Aujourd'hui son teint cireux m'inquiète. Il veut dormir et n'y parvient pas. Il ne cesse de se rendre au cabinet, heureusement que l'on ne peut plus lui donner de lazilix car il serait totalement anéanti avec derrière un arsenal de remèdes effarants comme le diffu K pour redonner du potassium lavé par le lazilix et l'oxygène 24h sur 24 car les poumons seraient dans l'eau !... Le Lazilix fait uriner sans répit cela nécessite une sonde à demeure, et pour clore le tout il serait ainsi totalement grabataire ! Tout ce branle-bas de combat pour un cœur épuisé qui fait des extrasystoles et fabrique de l'eau à tarlarigo... et la pompe infernale se met en route ! C'est le renard qui se mord la queue.
Enfin quoiqu'il en soit Maurice souffre terriblement mais les deux derniers remèdes remis par le dernier médecin sur la Loire l'ont conduit à cette affreuse impasse... aux chutes, aux malaises et à tout le reste... le gastro-entérologue avait vu juste en 2009. Maurice aurait vécu longtemps sans une médecine appliquée à tord et à travers... pour l'instant il fait montre d'un terrible courage.

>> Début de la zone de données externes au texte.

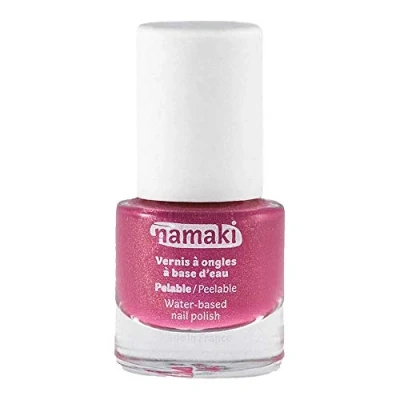 Vernis à ongles à base d\'eau spécialement conçu pour les enfants. Facile à utiliser, sèche rapidement et peut être retiré sans solvant comme un autocollantMode d\'emploi : Agitez le flacon avant de l\'ouvrir. Appliquez le vernis et laissez-le sécher pendant une minute ou deux.Namaki est une marque née avec l\'idée de créer un maquillage respectueux de la peau des enfants et de l\'environnement, testé dermatologiquement et non testé sur les animaux.FonctionnalitésComposition : eau, copolymère d\'acrylate, éther méthylique PPG-2, cocoate de glycéryle PEG-7, glutarate de siisobutyle, fluorphlogopite, synthétique, disiloxane, copolymère PEG-150, oxyde d\'étain, hectorite, adipate de diisobutyle, benotinite, diméthicone PEG-12, phénoxyéthanol, propylène glycol, mica, copolymère de styrène, tocophérol, CI 77492, CI 77499, CI 77891Capacité : 7,5 mlLe vernis peut être conservé pendant 12 mois après ouvertureÀ utiliser par un adulteSans parabens, sans formaldéhyde, sans phtalates, sans toluène, sans camphre et sans nanoparticulesFabriqué en FranceUtilisation recommandée sous la surveillance d\'un adulte

Céline lui a fait un pansement américain sur ses plaies bien rouges à la cheville droite et je viens de lui mettre un coussin dessous. Cela le soulage d'un coup du poids de sa jambe sur le fauteuil.
Il me dit :
– Pourvu que je sois un tout petit peu en forme pour demain !
– Mais tu le seras, mon chéri, tu le seras !
– Tu ne sais pas à quel point je t'aime, non tu ne peux pas imaginer à quel point !
Demain il aura soixante douze ans...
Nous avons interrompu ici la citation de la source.